Sally Carbon’s looking to bring the same determination that defined her sporting career to the boardroom.
WHEN Sally Carbon puts her mind to something it tends to end up working out, more often than not very successfully.
With an Olympic gold medal from her days as a hockey star, and a best-selling children’s book series, those successes are significant achievements, which, on their own, would make her stand out in the crowd.
So it should not be a surprise if Ms Carbon emerges as a board member of some major companies, having recently embarked on a journey to develop this skill set under the mentorship of Atlas Iron director Geoff Clifford.
While the mechanism for this new career direction may appear to be Ms Carbon’s involvement in the Australian Institute of Company Directors’ Women on Board mentoring scheme, which was created last year to help diversify the corporate governance talent pool, it is clear her attitude to life has a significant role in helping her achieve her goals.
She admits to a steely determination to get things done and the ability to cut out the emotional noise from her decision making as some of the reasons for her achievements.
It is an ability to focus which, she says, some people view as ‘cold’.
“One thing I really try to eliminate is waste of time, that is not physical time,” Ms Carbon says.
“I can’t afford to have any wasted emotional time.
“A lot of people trying to achieve something might throw emotional time at it.
“I try to cut that out so my entire effort is spent on performance, not on the emotional thinking to perform.

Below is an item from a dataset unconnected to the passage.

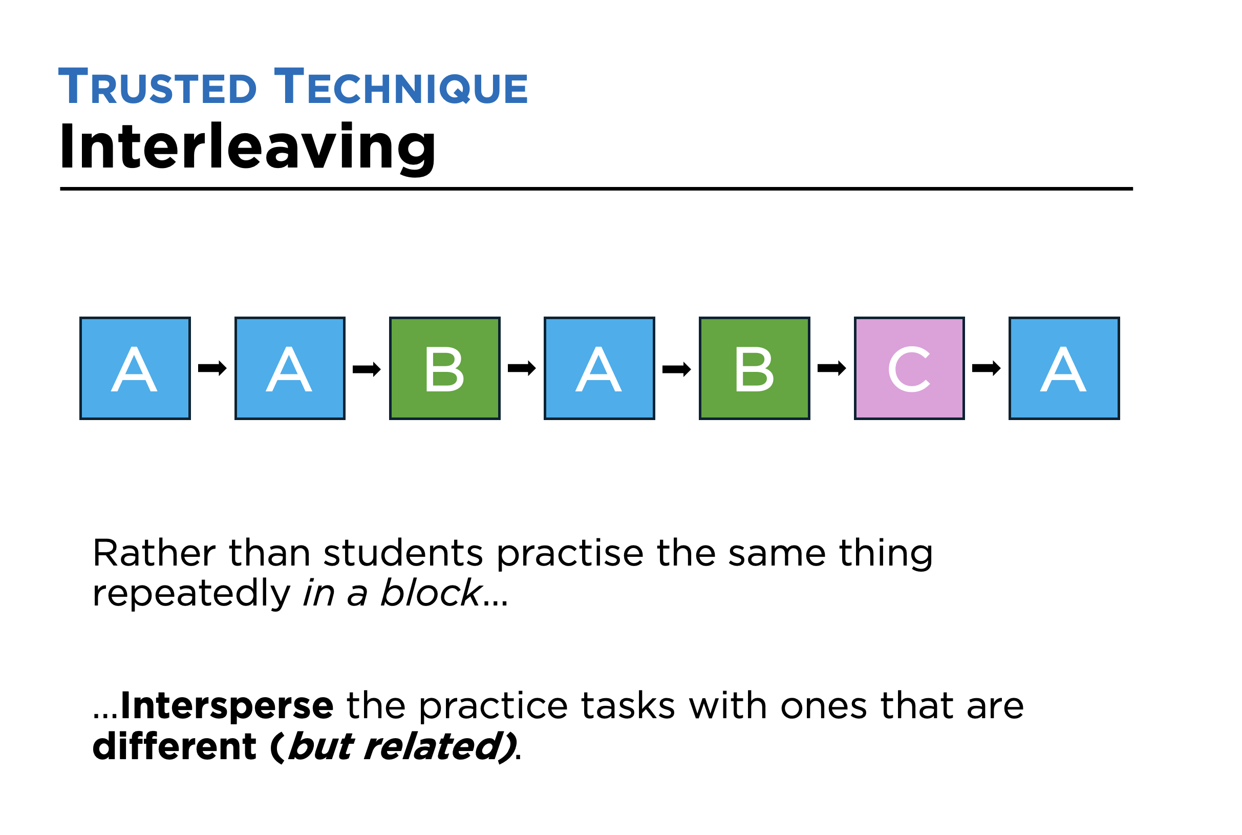 With the technique, Interleaving, you mix up the skills students are practising in a given practice session, rather than have students practise the same skill repeatedly in a block (which is called ‘blocking’). Students practice a specific skill [A], then a different one [B], then might go back to [A] before moving on to [C], then back to [B], etc.

“You can’t have time for ifs and buts, you can’t worry; you can’t worry what people think of you, you can’t worry about the potential outcomes of making decisions.
“You analyse and you are diligent in using the information but you certainly can’t sway from your course of action.

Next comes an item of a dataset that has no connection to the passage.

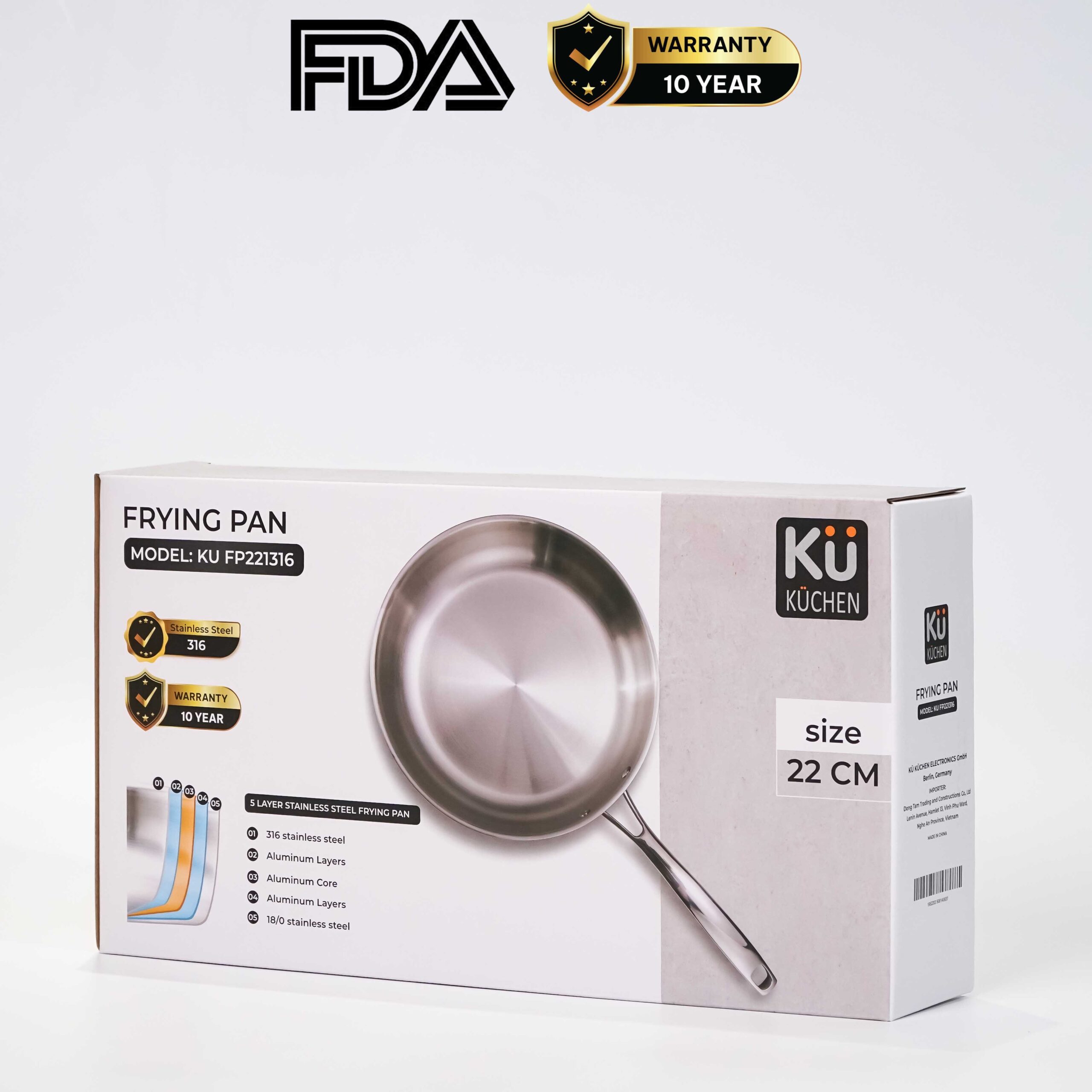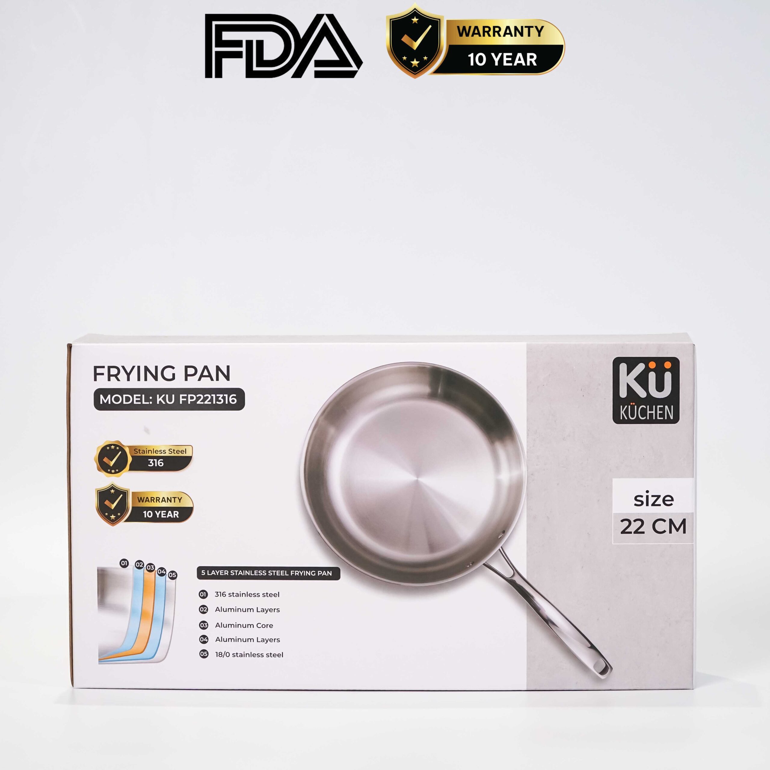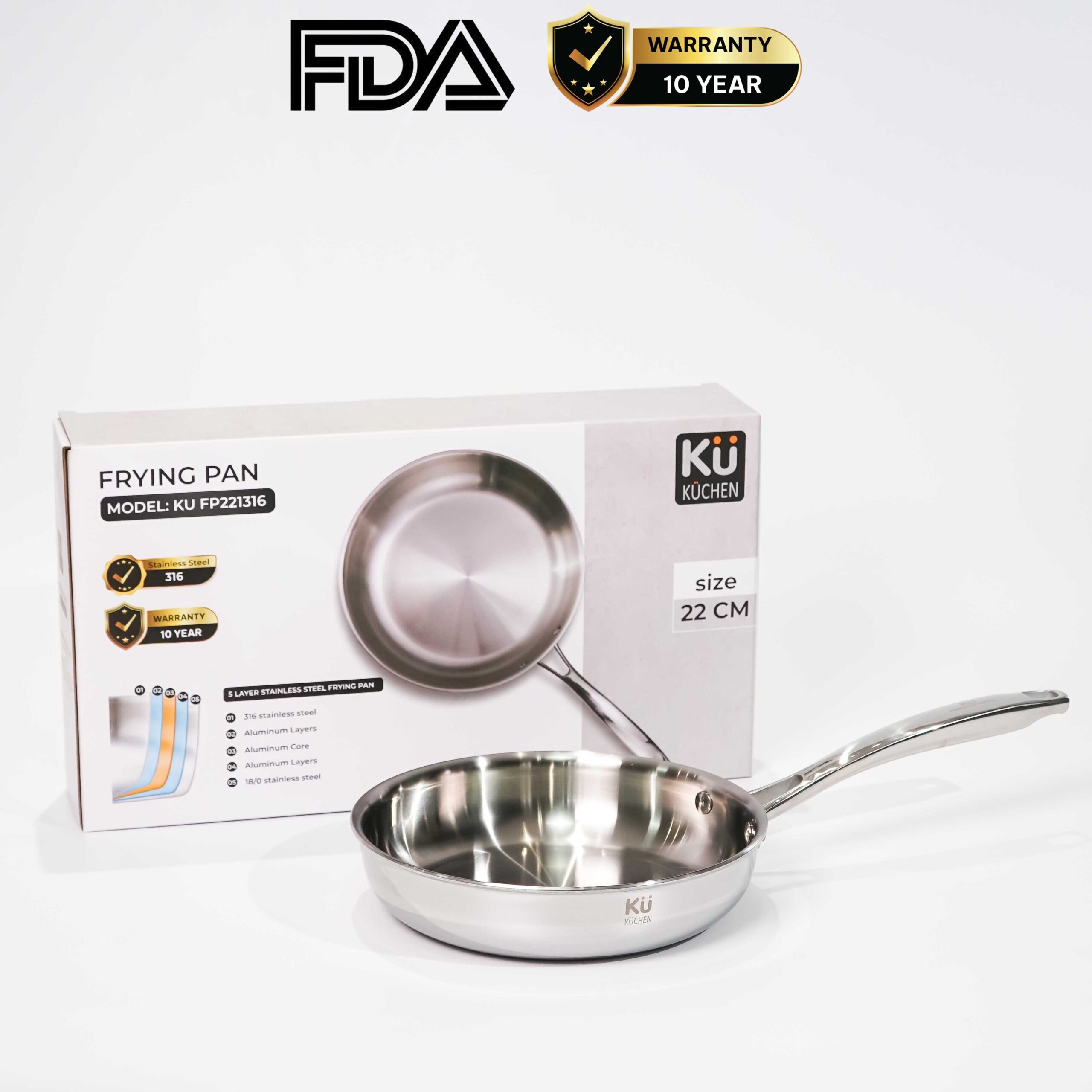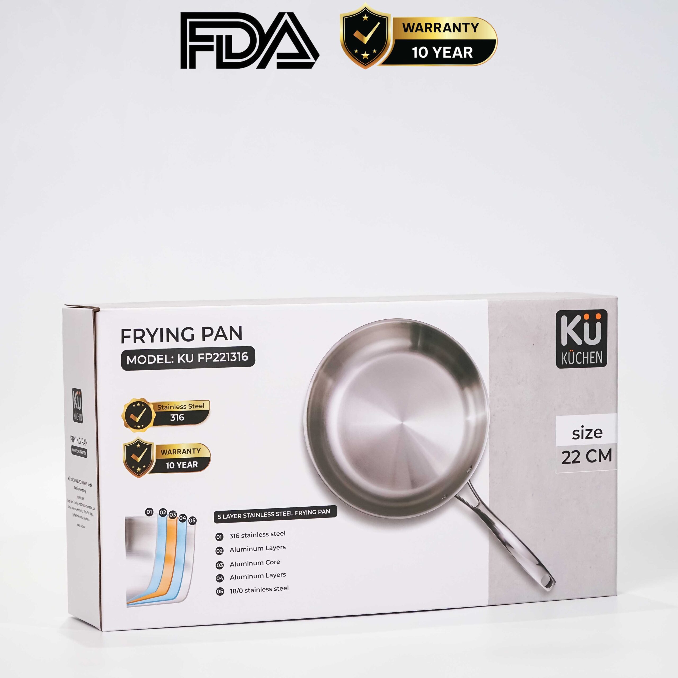 Chảo inox 5 lớp cao cấp KUCHEN KU FP221316 (22 cm)

“It is something that I am really stuck on: just eliminate wasted thinking. And this gives you more time to perform.”
Ms Carbon says this is an important skill because it frees up time and energy to devote to other things, allowing her to achieve balance in a life that to most people would appear too busy.
She is clearly an ‘energy sink’ as well, agreeing that she finds it hard flick the ‘off’ switch.

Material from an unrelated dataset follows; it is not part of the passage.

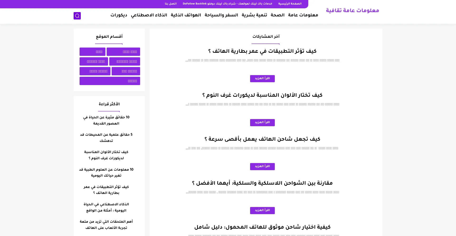 اكتشف معلومات عامة ثقافية وعلمية متنوعة، حقائق مدهشة ونصائح تساعدك على تطوير معرفتك وفهم العالم ...

“I am completely wired, I have trouble sleeping,” she acknowledges.
An example of that energy is her book writing. At time when most mothers-to-be would be dialling down the workload, Ms Carbon started writing her first book, I Want to be an Olympian, five weeks before her third child was due.
That book was published and on the shelves in time for the 2004 Olympic Games. Several more in the series have followed – with the subjects being a footballer, a cricketer and another version of an Olympian.
Another strength Ms Carbon believes has helped her career, including sport, is a love of learning.
In fact, the former schoolteacher and mother of three believes that almost any skill can be learned.
She says, for instance, that she is against the increasing identification of talent in young kids in fields such as sport.
“It goes against the philosophy of being able to teach or learn skills,” Ms Carbon says.
She has taken that attitude to her business career, not only becoming an author, but developing an interactive digital product based on her books that helps children learn in the classroom. The concept was a significant investment but she and her software developer own the intellectual property to what she believes is a product with major potential.
That is not just talk. The interactive product has been taken up by the West Coast Eagles and distributed throughout Western Australian classrooms as an aid for teachers.
Ms Carbon’s successes are not limited to those mentioned above. She has an extensive background on the boards of not for profits, including a current role on the Australian Sports Commission, and a career history in marketing and communications.
Having achieved all this through simply putting her mind to it might provide hope for us all, but Ms Carbon admits she has a bit of both nature and nurture that is hard to ignore.
Her father, Barry, is chairman of Bauxite Resources and a former WA Environmental Protection Authority CEO while her mother, Del, holds a pre-metric state record for hurdles.
Ms Carbon recalls she showed a bit of talent for hurdles as a youngster, after realising her calves were too muscular for ballet.
She still uses a mental picture of the athletics track when she is trying to overcome obstacles in her adult life.
“When I am trying to achieve something and something goes wrong I see it as a hurdle on that 400-metre track,” Ms Carbon says.
“Instead of it being a hurdle that stops me it is a hurdle I get over to get to the finish line.
“I still physically see the hurdles.
“It means I am closer to the finish line rather than being further away from it.”